Neo Nazi Group Black Leader

In this Thursday, June 14, 2012 file photo, James Stern of Jackson, Miss., at a news conference in Jackson, Miss. One of the largest and oldest neo-Nazi groups in the U.S. appears to have an unlikely new leader: Stern, a black activist who has vowed to dismantle it.

MORENO VALLEY (AP) — A black activist said he has taken the helm of what has been billed as one of the nation’s largest neo-Nazi groups to put it out of business.

Corporate records show James Stern of Moreno Valley is now pres­ident of the National So­cial­ist Movement. He replaces pre­vi­ous longtime leader Jeff Schoep.
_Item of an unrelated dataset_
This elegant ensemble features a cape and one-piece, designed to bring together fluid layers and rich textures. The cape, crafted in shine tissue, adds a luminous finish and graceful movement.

In an interview with The As­so­ciated Press on Friday, Stern said he established a yearslong di­al­ogue with Schoep and convinced the former leader to transfer the organization to him when Schoep said he planned to disband it.
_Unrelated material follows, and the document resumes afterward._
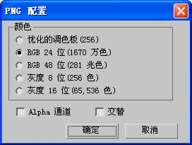 单击“渲染输出文件”对话框 中“渲染”或“设置”可显示“PNG 配置”对话框。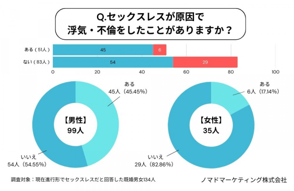 まず、現在進行形でセックスレスだと回答した男女134人(男性99人・女性35人)に対し、セックスレスが原因で浮気や不倫をしたことがあるか聞きました。

“The National Socialist Move­ment put a poison pill into the truth of history. I think we can put the antidote to make sure that we correct some of those wrongs,” Stern said.
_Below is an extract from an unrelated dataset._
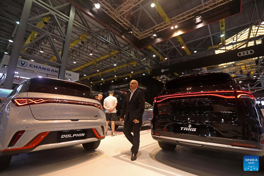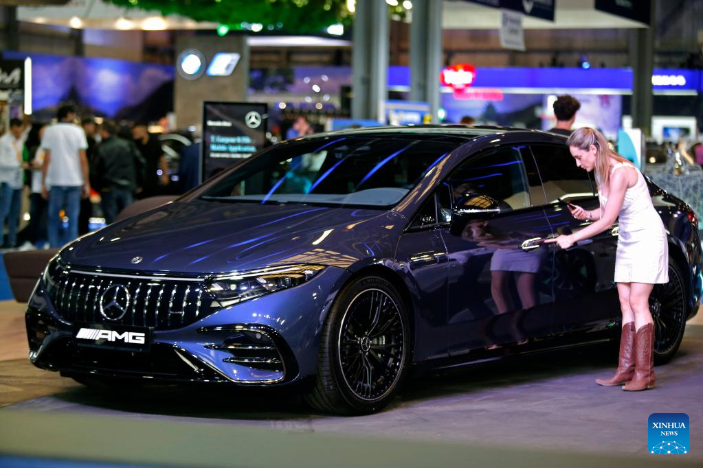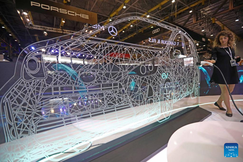 People visit the e-MotorShow 2023 in Beirut, Lebanon, on May 10, 2023. The e-MotorShow Middle East was held in Beirut from May 10 to 14. (Xinhua/Liu Zongya)

Stern said he prefers to con­trol the group and neuter it rather than see it disband and reconstitute in the shadows.

“If he dissolved the group, all anyone would have to do is take it and reincorporate it and carry on the same shenanigans as it never stopped,” Stern said.

Schoep’s resignation comes as he and the National Socialist Move­ment are among a slew of defendants in a civil lawsuit filed by survivors of a violent 2017 white nationalist rally in Char­lottes­ville, Virginia. Plain­tiffs in that case recently filed a mo­tion accusing Schoep of doing every­thing he could to cause pro­ced­ural delays and duck ac­count­ability for his conduct.

In a phone interview, Schoep said Stern essentially tricked him into transferring leadership. He said Stern suggested that the plain­tiffs would no longer pursue the lawsuit against Schoep and the NSM if Schoep handed over the reins. Schoep said he was pre­par­ing to leave the party lead­er­ship anyway, and agreed to Stern’s proposal as a way to try to re­duce the party’s legal liability.

“He has that piece of paper, but he is absolutely not recognized as the leader of the National So­cial­ist Movement,” Schoep, a Detroit res­ident, said of Stern.

Stern, though, says he can speak for the NSM, and filed his own motion in that case Thurs­day, saying the group now admits its liability in the lawsuit.

“Justice must be served and the truth must be told,” Stern wrote in the motion. “Consequences must be excepted.”